» **PROBLEM**:
For the entries that follow, retype exactly the lines from the one containing "Stars are one" to the one containing "Diamantový kotouč Narex", inclusive, and only those. Images stay out of the copy.

» **DATASET RECORDS**:
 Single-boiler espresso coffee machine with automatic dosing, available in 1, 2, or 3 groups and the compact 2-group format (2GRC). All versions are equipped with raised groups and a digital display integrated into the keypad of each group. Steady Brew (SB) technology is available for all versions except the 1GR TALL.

---

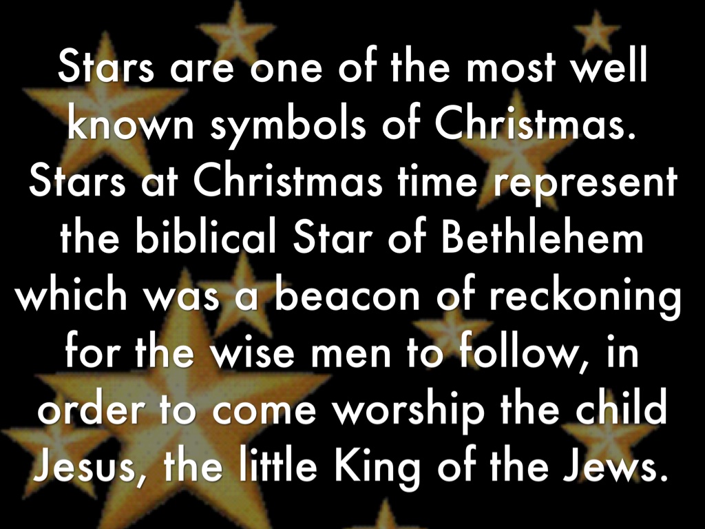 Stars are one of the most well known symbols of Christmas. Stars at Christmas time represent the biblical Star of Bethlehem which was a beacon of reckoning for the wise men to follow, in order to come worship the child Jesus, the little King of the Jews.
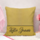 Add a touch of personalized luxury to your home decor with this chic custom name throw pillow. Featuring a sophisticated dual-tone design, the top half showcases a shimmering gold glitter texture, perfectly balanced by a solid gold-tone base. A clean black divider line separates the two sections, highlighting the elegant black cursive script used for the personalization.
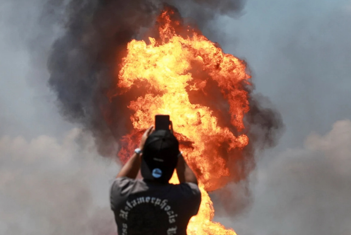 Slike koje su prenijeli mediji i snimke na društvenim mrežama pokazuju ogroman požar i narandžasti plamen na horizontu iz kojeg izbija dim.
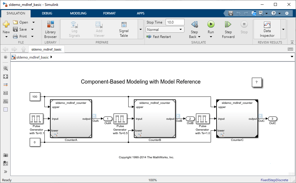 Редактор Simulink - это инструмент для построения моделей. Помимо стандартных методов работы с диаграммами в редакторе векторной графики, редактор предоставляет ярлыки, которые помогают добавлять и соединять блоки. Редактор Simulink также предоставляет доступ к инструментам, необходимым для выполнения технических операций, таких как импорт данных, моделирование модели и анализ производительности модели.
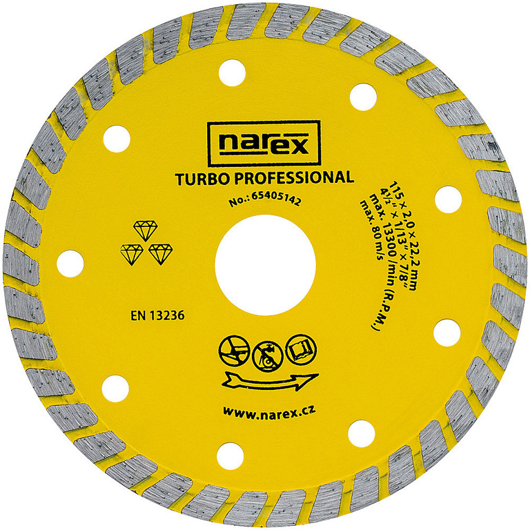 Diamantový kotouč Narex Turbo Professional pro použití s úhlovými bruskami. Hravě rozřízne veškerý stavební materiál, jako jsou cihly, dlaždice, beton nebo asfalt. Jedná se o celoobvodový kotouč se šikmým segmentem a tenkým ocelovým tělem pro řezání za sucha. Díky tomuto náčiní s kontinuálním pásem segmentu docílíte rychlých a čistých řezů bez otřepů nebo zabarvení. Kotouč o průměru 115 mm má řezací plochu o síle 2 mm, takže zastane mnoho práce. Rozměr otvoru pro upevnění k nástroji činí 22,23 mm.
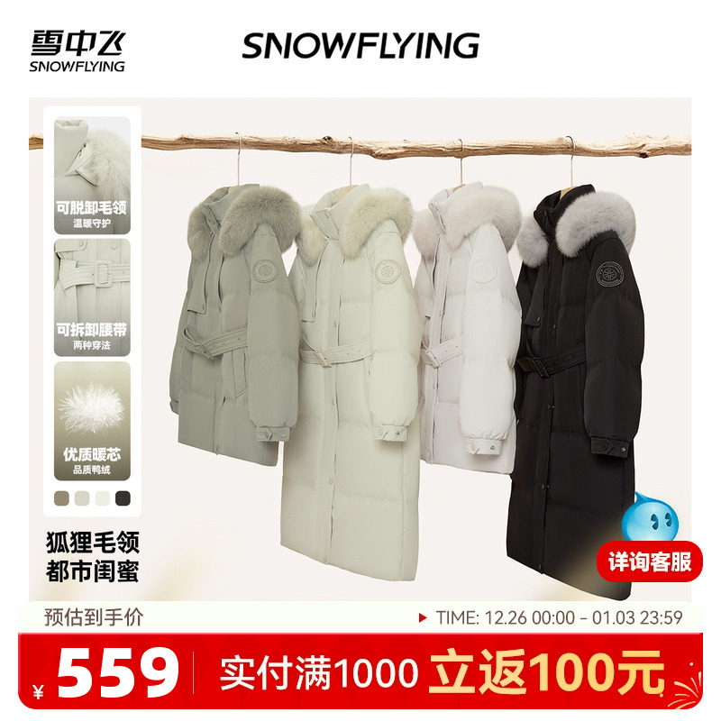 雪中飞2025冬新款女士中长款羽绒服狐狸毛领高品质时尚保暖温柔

» **EXERCISE OUTPUT**:
 Stars are one of the most well known symbols of Christmas. Stars at Christmas time represent the biblical Star of Bethlehem which was a beacon of reckoning for the wise men to follow, in order to come worship the child Jesus, the little King of the Jews.
 Add a touch of personalized luxury to your home decor with this chic custom name throw pillow. Featuring a sophisticated dual-tone design, the top half showcases a shimmering gold glitter texture, perfectly balanced by a solid gold-tone base. A clean black divider line separates the two sections, highlighting the elegant black cursive script used for the personalization.
 Slike koje su prenijeli mediji i snimke na društvenim mrežama pokazuju ogroman požar i narandžasti plamen na horizontu iz kojeg izbija dim.
 Редактор Simulink - это инструмент для построения моделей. Помимо стандартных методов работы с диаграммами в редакторе векторной графики, редактор предоставляет ярлыки, которые помогают добавлять и соединять блоки. Редактор Simulink также предоставляет доступ к инструментам, необходимым для выполнения технических операций, таких как импорт данных, моделирование модели и анализ производительности модели.
 Diamantový kotouč Narex Turbo Professional pro použití s úhlovými bruskami. Hravě rozřízne veškerý stavební materiál, jako jsou cihly, dlaždice, beton nebo asfalt. Jedná se o celoobvodový kotouč se šikmým segmentem a tenkým ocelovým tělem pro řezání za sucha. Díky tomuto náčiní s kontinuálním pásem segmentu docílíte rychlých a čistých řezů bez otřepů nebo zabarvení. Kotouč o průměru 115 mm má řezací plochu o síle 2 mm, takže zastane mnoho práce. Rozměr otvoru pro upevnění k nástroji činí 22,23 mm.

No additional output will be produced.